DSSP (secondary structure) workflow

Molecule.secondary_structure() implements a simplified, dependency-free DSSP style assignment based on backbone hydrogen-bond patterns.

What is validated:

• The validation suite compares MolScope's simplified DSSP against mkdssp across three fold classes where the reference binary is available: Aquaporin-1 (1fqy, helix-dominated), ubiquitin (1ubq, mixed alpha/beta), and the SH3 domain (1shg, all-beta).
• After reducing DSSP states to helix/strand/coil, agreement is high across all three folds: about 99% on the helical and mixed structures and about 98% on the all-beta one.

Limits:

• Not bit-identical to reference mkdssp. Treat output as the educational/prototyping equivalent of DSSP, not as a substitute for it in production pipelines.
• Disagreements concentrate at the boundary residues of helices and strands, and on irregular or low-quality structures, rather than on any one fold class.
• Needs backbone N/CA/C/O atoms, so bare XYZ input is insufficient.
• Only the standard collapsed states (H/E/C) are validated against the reference; finer DSSP categories are not.

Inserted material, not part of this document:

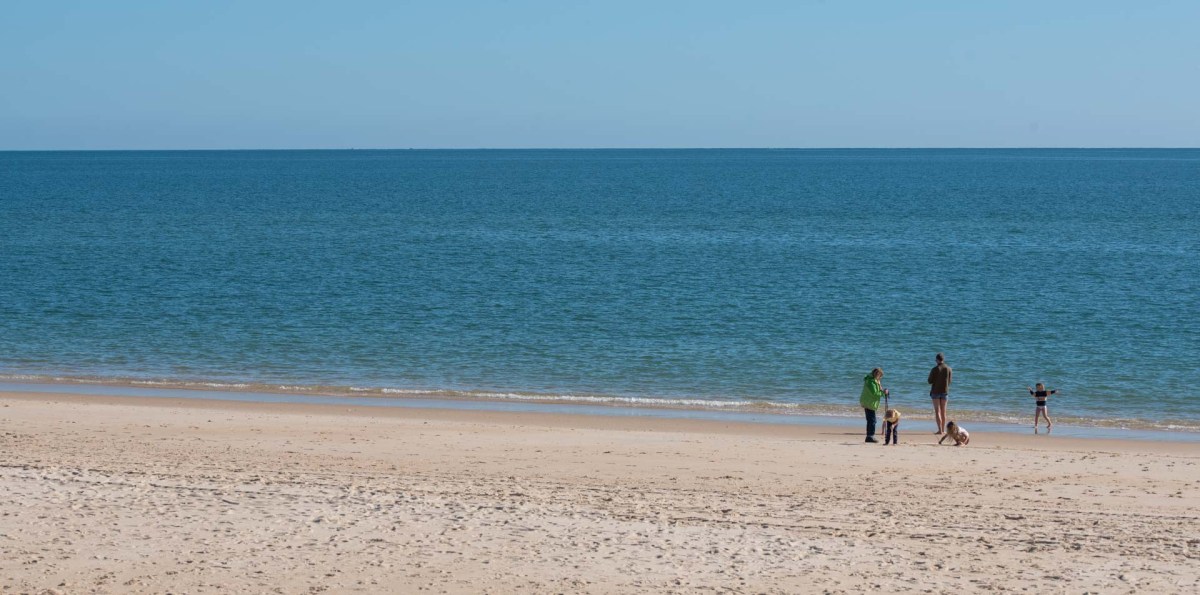 Vi fick en härlig dag och när vi kom över till öns sydsida finns det en gigantisk sandstrand. Även denna ”vinterdag” är de utställda solstolarna upptagna och uteserveringarna är fullsatta. Vi tar en promenad längs den vackra stranden, men några badare ser vi inte till. Stranden är så lång att när vi ser ut mot horisonten ser vi att jorden verkligen är rund när horisonten kröker sig…

Coarse-grained beads workflow

coarse_grain() maps atomistic structures to residue centroids, residue centres of mass, simplified Martini-style backbone/side-chain beads, or custom bead mappings, and reports assignment statistics.

What it does:

• Produces bead coordinates and a Molecule so plotting and graph export still work.
• Builds simple bead connectivity.
• Reports assigned and dropped atoms.
• Preserves explicitly requested virtual sites as derived coordinate metadata.

What it does not do:

• It is not a validated Martini force-field generator.
• It does not assign production force-field parameters.
• It does not build simulation-ready topologies.
• It does not write GROMACS [ virtual_sites* ] topology sections.
• It does not validate bead chemistry, elastic networks, or force constants.
• It does not claim thermodynamic, kinetic, or structural fidelity for a CG model without external validation.

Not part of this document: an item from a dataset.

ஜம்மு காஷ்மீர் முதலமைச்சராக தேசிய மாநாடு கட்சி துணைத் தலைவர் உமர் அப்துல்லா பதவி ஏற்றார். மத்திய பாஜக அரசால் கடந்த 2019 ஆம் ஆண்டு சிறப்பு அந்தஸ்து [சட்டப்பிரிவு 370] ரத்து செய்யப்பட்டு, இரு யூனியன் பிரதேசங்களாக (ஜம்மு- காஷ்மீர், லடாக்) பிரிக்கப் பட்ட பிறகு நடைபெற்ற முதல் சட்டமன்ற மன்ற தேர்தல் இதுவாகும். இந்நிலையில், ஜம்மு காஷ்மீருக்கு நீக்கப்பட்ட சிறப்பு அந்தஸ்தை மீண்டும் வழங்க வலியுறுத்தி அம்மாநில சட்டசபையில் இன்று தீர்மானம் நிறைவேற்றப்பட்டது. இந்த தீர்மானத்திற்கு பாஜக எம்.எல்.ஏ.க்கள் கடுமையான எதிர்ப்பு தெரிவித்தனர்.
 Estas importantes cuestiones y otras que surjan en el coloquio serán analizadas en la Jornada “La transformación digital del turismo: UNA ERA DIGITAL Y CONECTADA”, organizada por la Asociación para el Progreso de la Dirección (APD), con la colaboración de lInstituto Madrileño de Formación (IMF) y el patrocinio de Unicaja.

Use these tools for teaching, mapping inspection, and graph prototyping before moving to a production coarse-grained workflow.

GPU and contact maps

Contact maps, distance matrices and the optional GPU backend live in the same performance corner of the library, so their limits are related.

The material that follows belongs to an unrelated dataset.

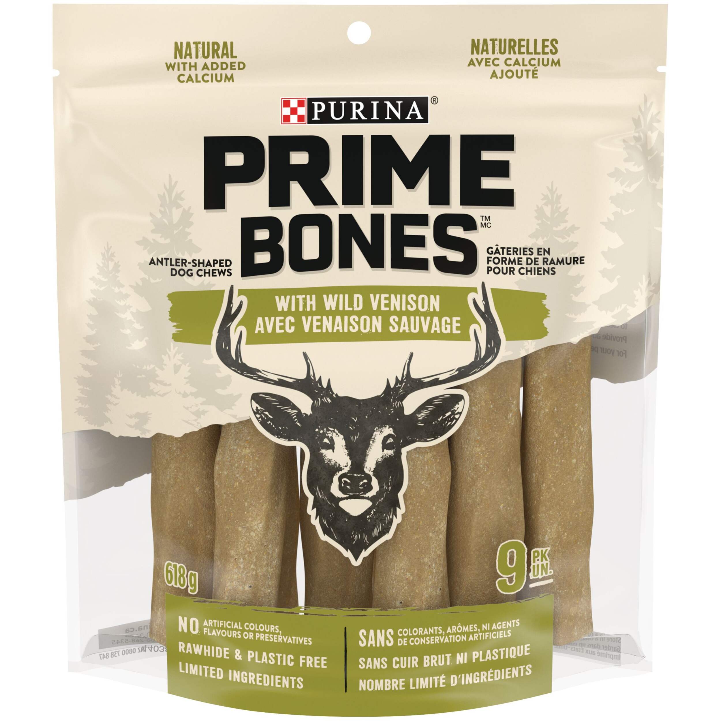 Satisfy your dog's instinctual love of chewing with Purina Prime Bones Dog Chews With Wild Venison. These extra-long-lasting, natural dog chews with added calcium are rawhide free and provide a safe and naturally edible treat that your dog is sure to love. Each of these limited ingredient dog treats provides extra-long-lasting enjoyment with an antler-shaped chew to keep him entertained and thinking about his next big adventure in the wild. Give him big, untamed flavour, in a natural dog treat that helps clean his teeth, too.

• Full dense distance matrices and atom-level contact-map matrices are O(N^2) outputs, even when routed through the optional Torch GPU backend. GPU makes the maths faster; it does not change the memory cost.
• Distance histograms, atom contact counts, and the no-SciPy contacts() fallback paths use chunked coordinate blocks, so they scale to larger systems than the dense outputs do.
• SciPy enables KD-tree bond/contact searches; install with pip install "molscope[fast]" for large structures.
• The Torch GPU path requires pip install "molscope[gpu]" and a working CUDA / MPS PyTorch install. There is no CuPy backend.
• MolScope is not a trajectory engine. Use MDAnalysis or MDTraj for any workload that means iterating contacts or distances over many frames.

See Benchmarks for a small reproducible timing page.

See also

• Scientific validation — invariants, reference-tool comparisons, assumptions, and tolerances.
• Benchmarks — reproducible timings on the bundled inputs.